Red Hat Bugzilla – Bug 1470959
deadlock between multi-host recipe sets with host requirements can sometimes occur if jobs are dirty
Last modified: 2017-09-19 23:53:06 EDT
Bug 889065 tried to avoid deadlocks between multi-host recipe sets with related host requirements, by using a very blunt hammer: any recipe in a recipe set that has been scheduled, will be given higher priority over any recipe that is not.
This was achieved by adding .order_by(RecipeSet.lab_controller == None) in the schedule_queued_recipes routine, when it is looking for candidate recipes ready to be scheduled. This effectively sorts any recipe where recipe_set.lab_controller has been set to the top of the list.
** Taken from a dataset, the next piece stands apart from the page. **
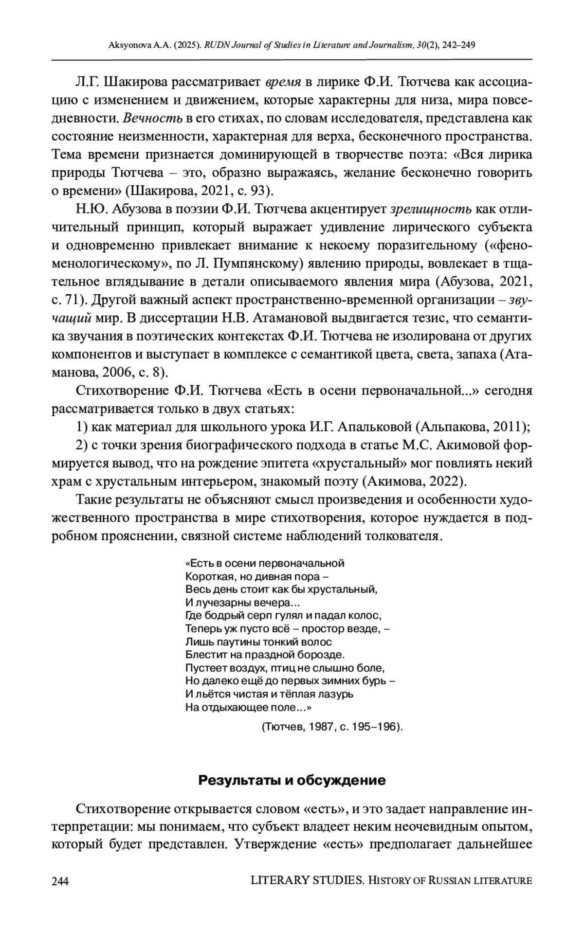 АКСЁНОВА А. А. УДИВЛЕНИЕ КАК ХРОНОТОПИЧЕСКАЯ ОСОБЕННОСТЬ МИРА В СТИХОТВОРЕНИИ Ф. И. ТЮТЧЕВА «ЕСТЬ В ОСЕНИ ПЕРВОНАЧАЛЬНОЙ...» // ВЕСТНИК РОССИЙСКОГО УНИВЕРСИТЕТА ДРУЖБЫ НАРОДОВ. СЕРИЯ: ЛИТЕРАТУРОВЕДЕНИЕ. ЖУРНАЛИСТИКА. 2025. ТОМ 30 № 2

This attribute is set when the first recipe in the set is scheduled.
As an example:
R:2 (requires system-a)
R:3 (requires system-b)
R:5 (requires system-a)
R:6 (requires system-b)
Initially system-a and system-b are both busy.
Then system-a becomes free, and R:2 is scheduled onto it (since its id is lower, assuming RS:1 and RS:4 are equal priority).
Then system-b becomes free, and R:3 *should* be scheduled onto it, regardless of any other factors such as priority. This is the .order_by() fix for bug 889065.
*However* this fix assumes that all potentially deadlocking recipes will be selected by the query -- and thus just tweaking the ordering of the results is enough to ensure the correct recipe is fixed.
One of the filter criteria in all scheduler criteria is to exclude dirty jobs. This dates to when beakerd was running update_dirty_jobs concurrently with the scheduling routines (bug 807237), although we later had to serialize it to avoid database deadlocks even between unrelated jobs (bug 952587).
In the example above, if RS:1 and RS:4 are part of a much larger job including unrelated recipe sets which have already started running (and thus the harness is marking the jobs dirty as it sends new results), then at each scheduling pass either R:2 or R:5 could be excluded randomly from the query. If R:2 is excluded because it is dirty but R:5 is not dirty, then the scheduler will pick R:5 instead, defeating the .order_by() and leading to deadlock.
The obvious solution is to just remove the criterion which is filtering out dirty jobs from the scheduler queries. By definition the harness cannot be sending updates for a recipe that is still queued. But I'm not sure if that could break things in some other way.